A vector's magnitude (or its length) in the 2D space can be calculated through the Pythagorean theorem: the square root of the sum of squares of the projections (on the two axes).

$c = \sqrt{a^2 + b^2}$

Below is a visual depiction for the vector with length 5, whose projections are 3 and 4, ($5*5 = 3*3 + 4*4$)

In [None]:
soa = np.array([[0, 0, 3, 0], [0, 0, 0, 4], [0, 0, 2.9, 3.9]]) # ignore 2.9 and 3.9, it's because the arrow needs space
X, Y, U, V = zip(*soa)
plt.figure(figsize=(5,5))
plt.quiver(X, Y, U, V, angles='xy', scale_units='xy', scale=1)
plt.xlim([-0.05, 5])
plt.ylim([0, 5])
plt.show()

We can now write a function that calculates the magnitude of a vector.

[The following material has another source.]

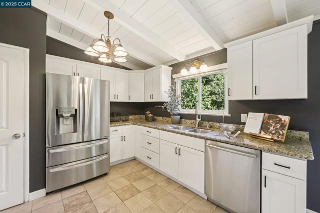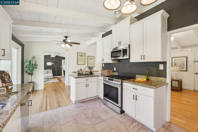 This charming mid-century rancher, nestled in the desirable Buena Vista neighborhood, offers a large corner lot in an excellent school district. The interior boasts refinished hardwood floors and an updated kitchen featuring granite countertops and stainless steel appliances. A new roof, and solar system with battery backup was just installed. Outside, the deep lot provides ample space for gardening, entertaining, and outdoor activities. You'll find inviting garden paths winding through raised garden beds and an iconic potato house. The recently renovated backyard features low-maintenance turf, creating an exceptional space for outdoor gatherings or simply enjoying your morning coffee. Conveniently located, the property offers exceptional proximity to the freeway, BART, various amenities,restaurants and shopping. In addition the home is walking distance to open space/trails, Buena Vista Elementary, Contra Costa Christian School, Larkey Park and the beloved Lindsay Wildlife Experience..

We can take as example the vector we plotted (3, 4), for which we know that the magnitude is 5.

In [None]:
def magnitude(v):
 """the square root of the sum of squares"""
 return sqrt(sum_of_squares(v))

magnitude([3, 4])

## Finding the distance between two vectors

The distance between vectors is the square root of the sum of squares of a vector difference. 

$\sqrt{(v_1-w_1)^2 + ... + (v_n-w_n)^2}$

In [None]:
def squared_distance(v, w):
 """(v_1 - w_1) ** 2 + ... + (v_n - w_n) ** 2""" 
 return sum_of_squares(vector_subtract(v, w))

def distance(v, w):
 return sqrt(squared_distance(v, w))

distance(v, w)

Another way to write it is:

In [None]:
def distance(v, w):
 return magnitude(vector_subtract(v, w))

## Matrices

A matrix is a two-dimensional collection of numbers. We will represent matrices as lists of lists, with each inner list having the same size and representing a row of the matrix. If A is a matrix, then $A[i][j]$ is the element in the ith row and the jth column. Per mathematical convention, we will typically use capital letters to represent matrices. For example:

```
A = [[1, 2, 3],
 [4, 5, 6]]
 
B = [[1, 2],
 [3, 4],
 [5, 6]]
```

Given this list-of-lists representation, the matrix A has `len(A)` rows and `len(A[0])` columns, which we consider its **shape**:

In [None]:
def shape(A):
 num_rows = len(A)
 num_cols = len(A[0]) if A else 0 # number of elements in first row
 return num_rows, num_cols

B = [[1, 2],
 [3, 4],
 [5, 6]]

shape(B)

If a matrix has $n$ rows and $k$ columns, we will refer to it as a $n×k$ matrix. We can think of each row of a $n×k$ matrix as a vector of length $k$, 
and each column as a vector of length $n$. 

In [None]:
def get_row(A, i): 
 return A[i] # A[i] is already a row


def get_column(A, j): 
 return [A_i[j] for A_i in A] # get the j-th element of every i-th row

In [None]:
get_row(B, 1)

In [None]:
get_column(B, 0)

**NOTE:** In `pandas`, vectors correspond to the class `Series` and matrices to the class `DataFrame`.